**Problem to solve:**
Look through the data below and output, unchanged, every line from the one holding "easy to remove." through the one holding "A recently renovated", inclusive. Skip the pictures.
Exercise material: Begin
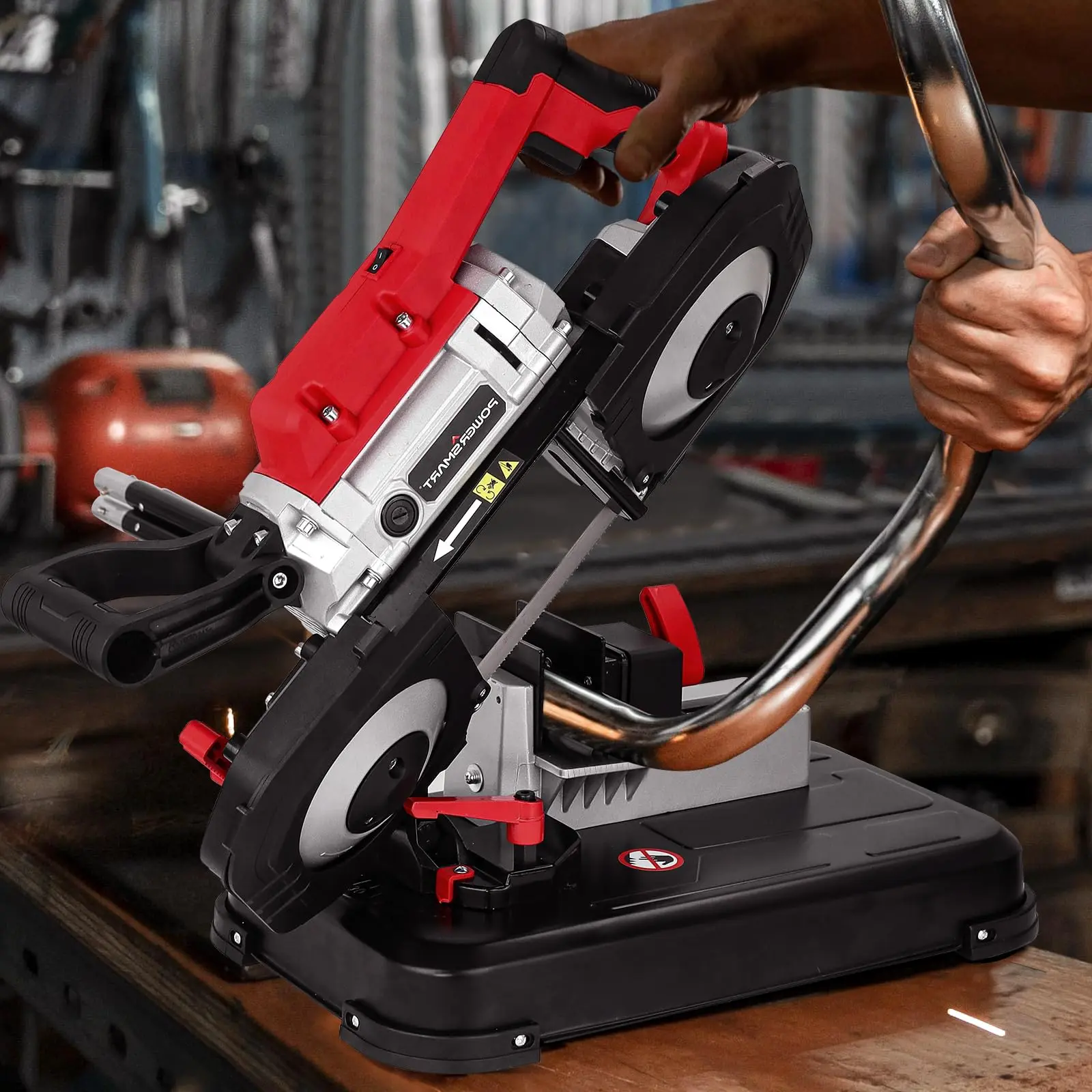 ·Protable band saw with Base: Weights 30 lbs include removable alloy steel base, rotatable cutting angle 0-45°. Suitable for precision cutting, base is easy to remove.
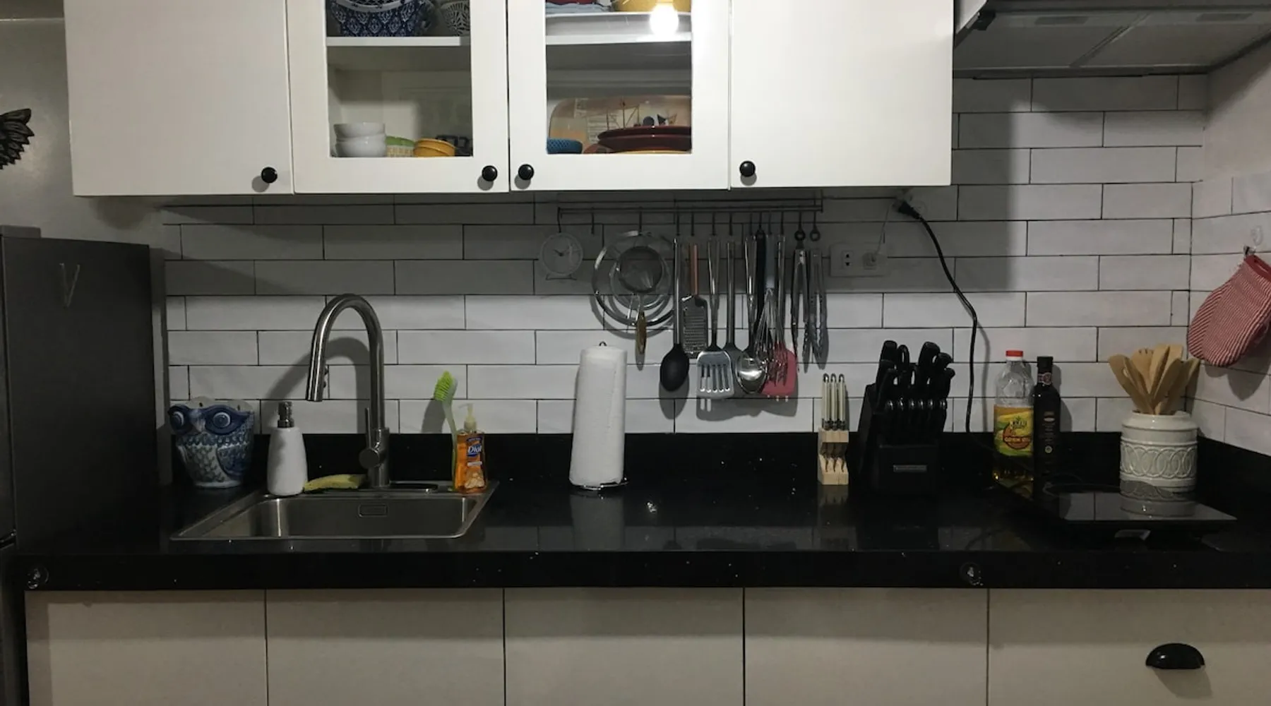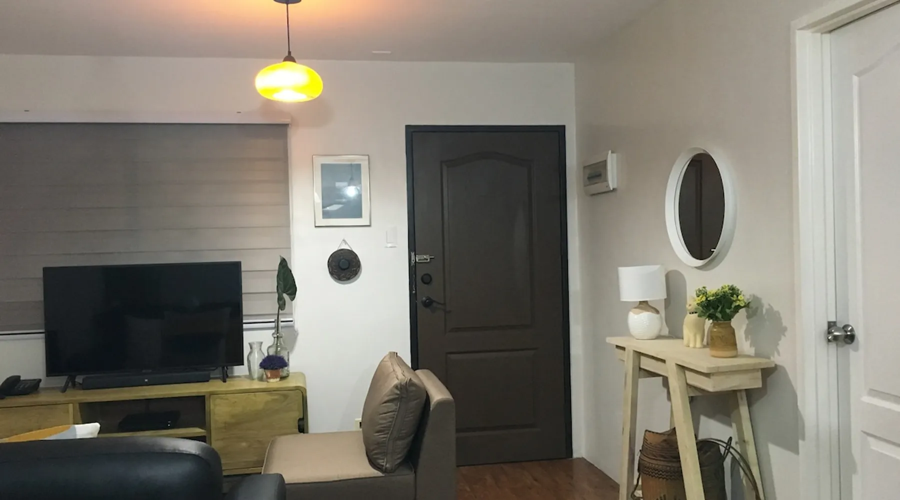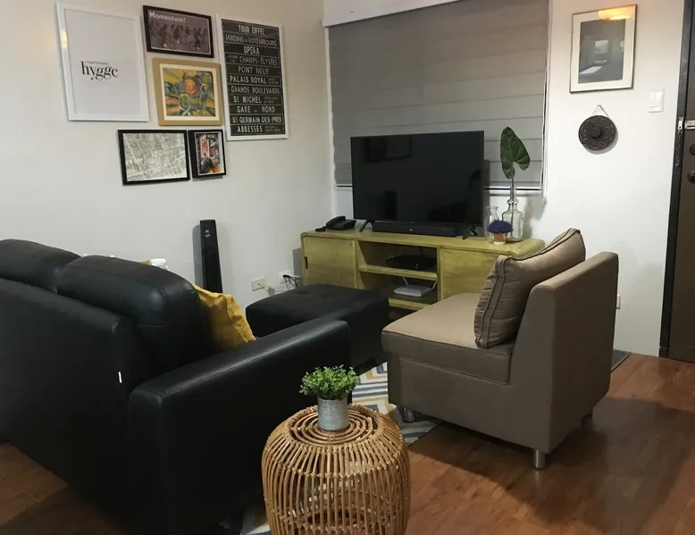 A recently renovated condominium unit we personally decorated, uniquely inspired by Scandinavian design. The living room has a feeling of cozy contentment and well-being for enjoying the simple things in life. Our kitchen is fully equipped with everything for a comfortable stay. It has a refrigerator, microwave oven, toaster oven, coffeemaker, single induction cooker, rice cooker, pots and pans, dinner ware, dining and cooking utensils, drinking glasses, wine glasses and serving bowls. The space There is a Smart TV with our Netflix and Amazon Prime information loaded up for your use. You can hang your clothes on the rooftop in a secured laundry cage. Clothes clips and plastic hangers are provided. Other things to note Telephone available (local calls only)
Exercise material: End
Exercise material: Begin
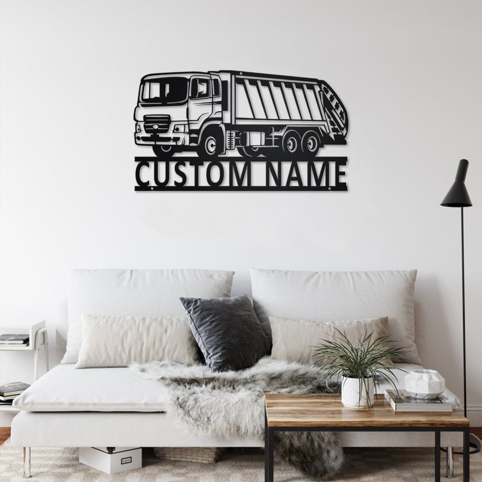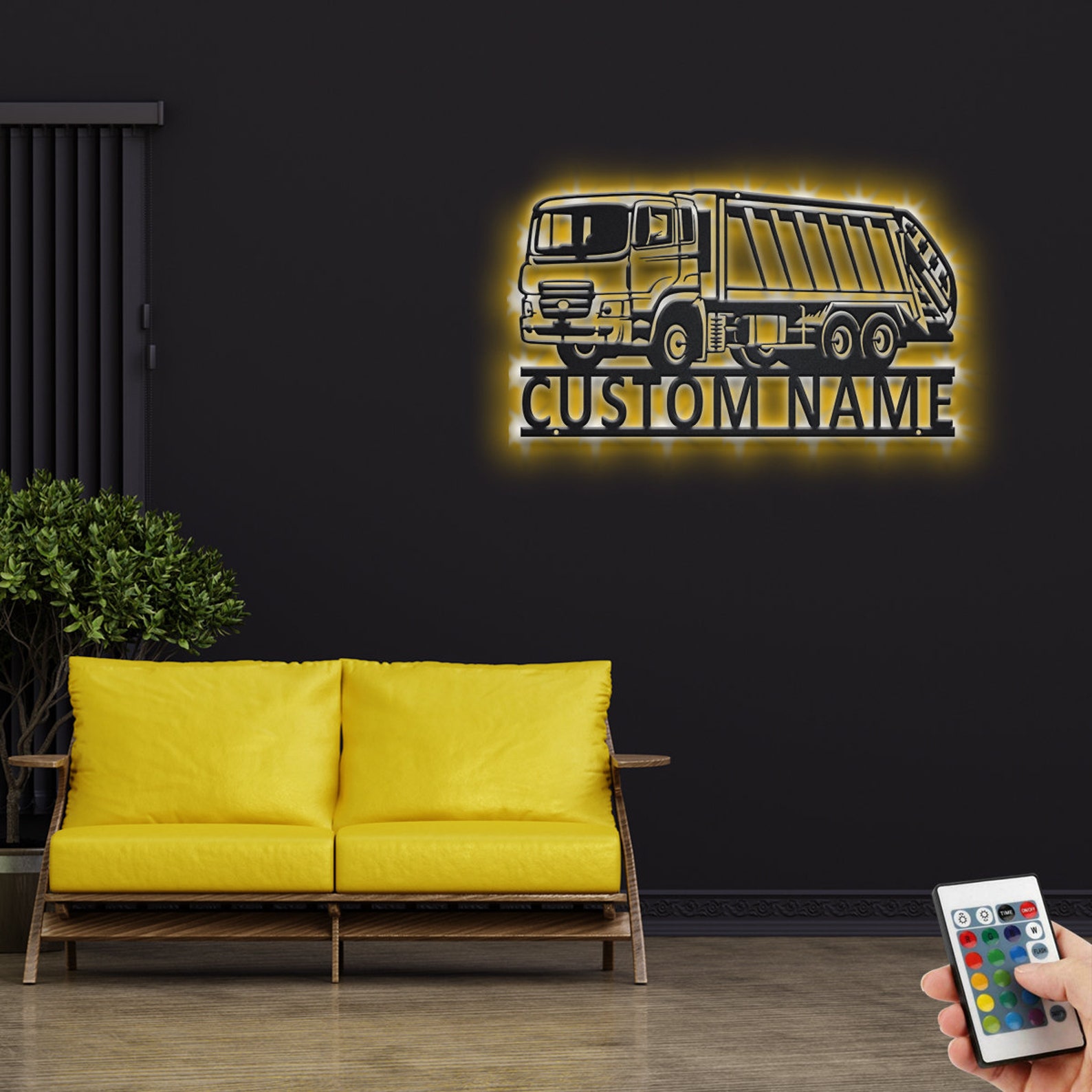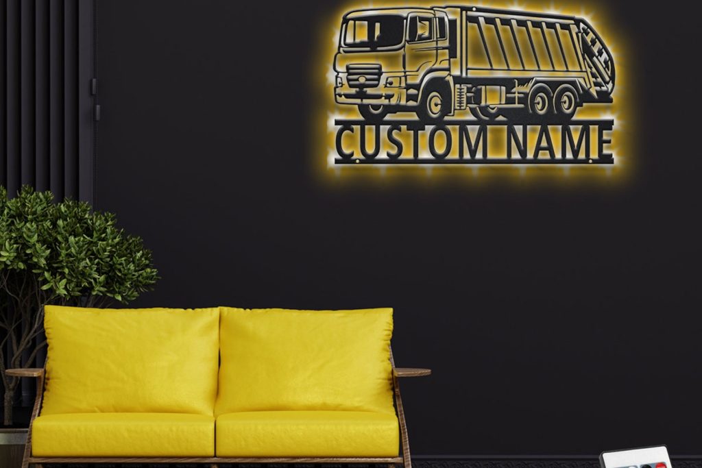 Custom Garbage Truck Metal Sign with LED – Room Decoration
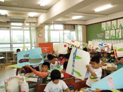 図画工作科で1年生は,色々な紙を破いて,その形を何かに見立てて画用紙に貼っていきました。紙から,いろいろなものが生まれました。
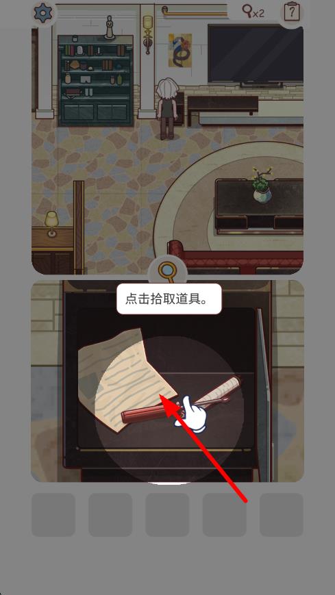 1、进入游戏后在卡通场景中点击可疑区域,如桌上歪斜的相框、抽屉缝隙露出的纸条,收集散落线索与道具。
Exercise material: End
**Answer to this problem:**
 ·Protable band saw with Base: Weights 30 lbs include removable alloy steel base, rotatable cutting angle 0-45°. Suitable for precision cutting, base is easy to remove.
 A recently renovated condominium unit we personally decorated, uniquely inspired by Scandinavian design. The living room has a feeling of cozy contentment and well-being for enjoying the simple things in life. Our kitchen is fully equipped with everything for a comfortable stay. It has a refrigerator, microwave oven, toaster oven, coffeemaker, single induction cooker, rice cooker, pots and pans, dinner ware, dining and cooking utensils, drinking glasses, wine glasses and serving bowls. The space There is a Smart TV with our Netflix and Amazon Prime information loaded up for your use. You can hang your clothes on the rooftop in a secured laundry cage. Clothes clips and plastic hangers are provided. Other things to note Telephone available (local calls only)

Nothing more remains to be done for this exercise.